**Collected material**
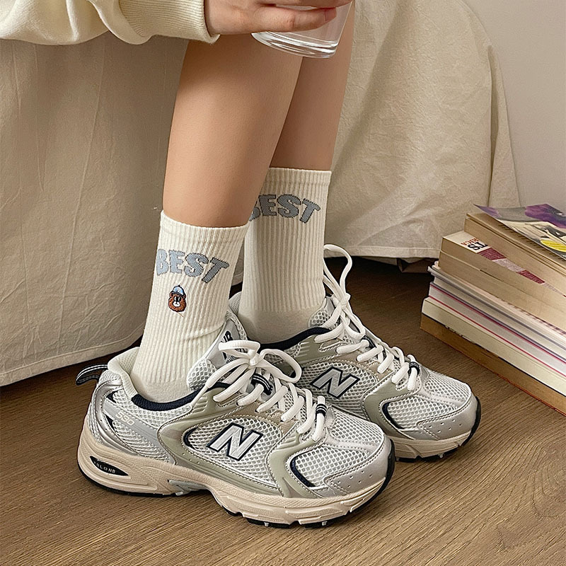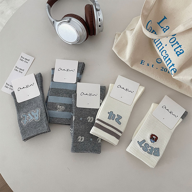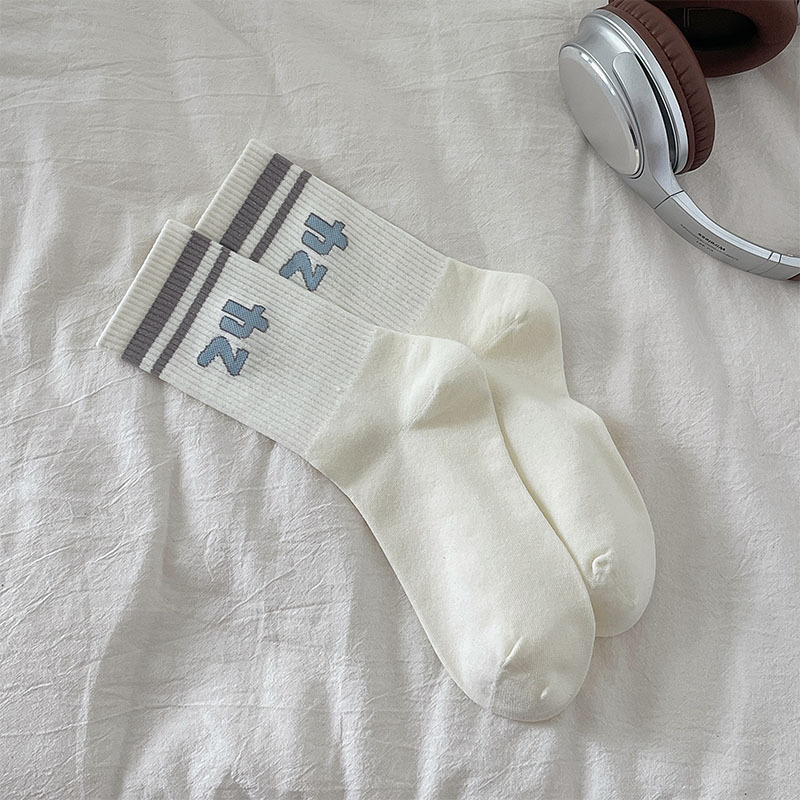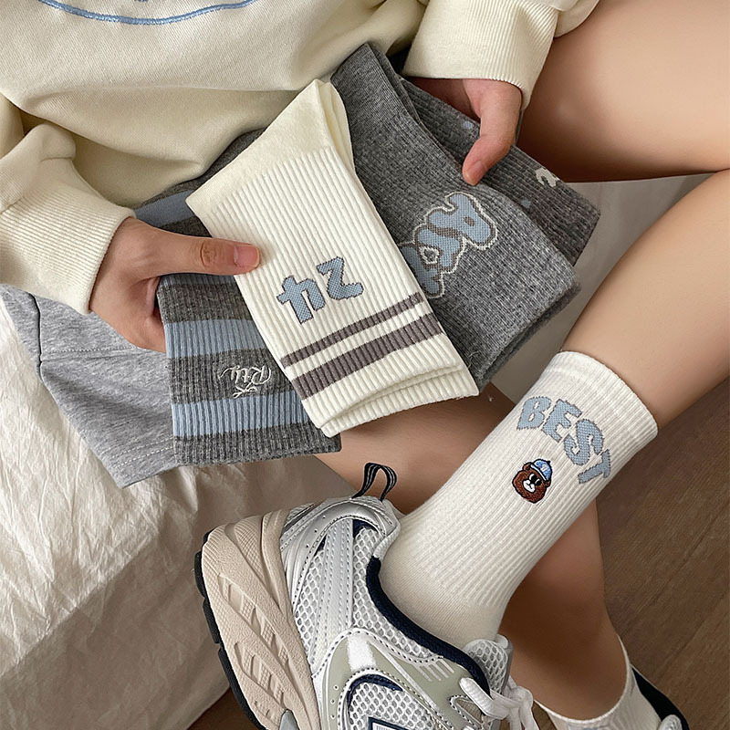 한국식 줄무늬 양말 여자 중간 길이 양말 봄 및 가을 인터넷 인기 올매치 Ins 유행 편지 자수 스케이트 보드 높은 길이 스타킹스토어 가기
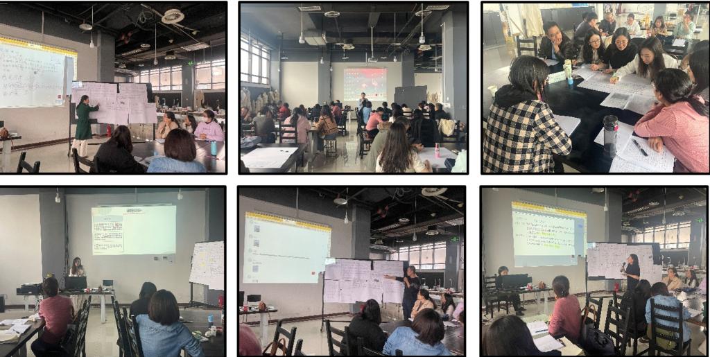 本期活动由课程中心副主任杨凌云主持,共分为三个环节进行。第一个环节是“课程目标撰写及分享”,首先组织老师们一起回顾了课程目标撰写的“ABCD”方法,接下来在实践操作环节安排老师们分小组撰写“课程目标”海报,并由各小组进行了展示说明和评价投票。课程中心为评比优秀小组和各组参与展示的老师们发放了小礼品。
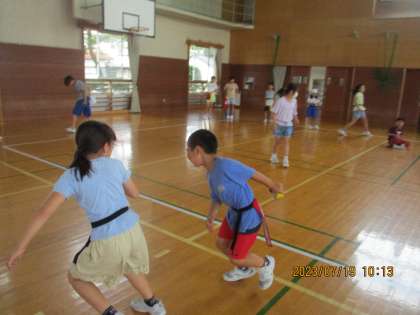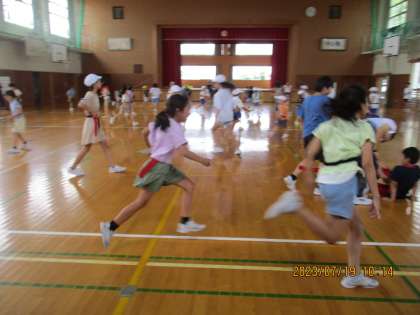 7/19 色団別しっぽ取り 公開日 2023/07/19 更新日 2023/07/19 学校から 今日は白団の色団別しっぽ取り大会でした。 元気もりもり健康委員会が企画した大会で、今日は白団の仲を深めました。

**Exercise description**
Without including any picture, write out the material above exactly.

**Response**
 한국식 줄무늬 양말 여자 중간 길이 양말 봄 및 가을 인터넷 인기 올매치 Ins 유행 편지 자수 스케이트 보드 높은 길이 스타킹스토어 가기
 本期活动由课程中心副主任杨凌云主持,共分为三个环节进行。第一个环节是“课程目标撰写及分享”,首先组织老师们一起回顾了课程目标撰写的“ABCD”方法,接下来在实践操作环节安排老师们分小组撰写“课程目标”海报,并由各小组进行了展示说明和评价投票。课程中心为评比优秀小组和各组参与展示的老师们发放了小礼品。
 7/19 色団別しっぽ取り 公開日 2023/07/19 更新日 2023/07/19 学校から 今日は白団の色団別しっぽ取り大会でした。 元気もりもり健康委員会が企画した大会で、今日は白団の仲を深めました。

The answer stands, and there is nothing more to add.